Data extract:
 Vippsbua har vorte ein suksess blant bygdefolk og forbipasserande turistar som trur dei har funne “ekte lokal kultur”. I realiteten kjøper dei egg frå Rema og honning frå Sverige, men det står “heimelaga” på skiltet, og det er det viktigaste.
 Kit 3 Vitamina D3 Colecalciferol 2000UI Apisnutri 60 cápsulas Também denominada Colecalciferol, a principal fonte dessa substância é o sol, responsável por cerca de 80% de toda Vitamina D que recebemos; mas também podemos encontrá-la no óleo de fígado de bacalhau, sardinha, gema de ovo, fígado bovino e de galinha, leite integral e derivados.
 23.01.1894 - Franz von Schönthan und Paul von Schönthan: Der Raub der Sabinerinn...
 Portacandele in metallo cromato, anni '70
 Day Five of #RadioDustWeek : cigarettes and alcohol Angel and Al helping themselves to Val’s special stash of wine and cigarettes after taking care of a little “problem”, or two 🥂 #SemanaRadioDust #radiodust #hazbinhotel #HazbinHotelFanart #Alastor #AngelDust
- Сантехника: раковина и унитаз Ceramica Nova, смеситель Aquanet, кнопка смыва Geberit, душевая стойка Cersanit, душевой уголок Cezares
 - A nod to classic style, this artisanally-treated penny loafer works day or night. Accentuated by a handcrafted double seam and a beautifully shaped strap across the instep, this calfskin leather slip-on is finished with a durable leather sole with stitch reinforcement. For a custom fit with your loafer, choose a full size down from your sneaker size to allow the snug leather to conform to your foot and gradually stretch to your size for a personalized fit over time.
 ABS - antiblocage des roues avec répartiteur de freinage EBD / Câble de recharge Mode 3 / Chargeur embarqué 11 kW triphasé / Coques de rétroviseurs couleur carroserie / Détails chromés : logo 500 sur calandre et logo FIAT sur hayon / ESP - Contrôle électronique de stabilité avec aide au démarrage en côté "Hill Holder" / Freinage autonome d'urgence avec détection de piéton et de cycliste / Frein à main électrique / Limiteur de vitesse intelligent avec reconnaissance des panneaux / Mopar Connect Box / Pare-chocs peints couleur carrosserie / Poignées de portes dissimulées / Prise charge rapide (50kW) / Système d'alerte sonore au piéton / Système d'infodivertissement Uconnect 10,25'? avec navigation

Action item:
Reproduce every line of the entries above, unchanged, from the very first one down to and including the line containing "Portacandele in metallo cromato, anni '70".

Your solution:
 Vippsbua har vorte ein suksess blant bygdefolk og forbipasserande turistar som trur dei har funne “ekte lokal kultur”. I realiteten kjøper dei egg frå Rema og honning frå Sverige, men det står “heimelaga” på skiltet, og det er det viktigaste.
 Kit 3 Vitamina D3 Colecalciferol 2000UI Apisnutri 60 cápsulas Também denominada Colecalciferol, a principal fonte dessa substância é o sol, responsável por cerca de 80% de toda Vitamina D que recebemos; mas também podemos encontrá-la no óleo de fígado de bacalhau, sardinha, gema de ovo, fígado bovino e de galinha, leite integral e derivados.
 23.01.1894 - Franz von Schönthan und Paul von Schönthan: Der Raub der Sabinerinn...
 Portacandele in metallo cromato, anni '70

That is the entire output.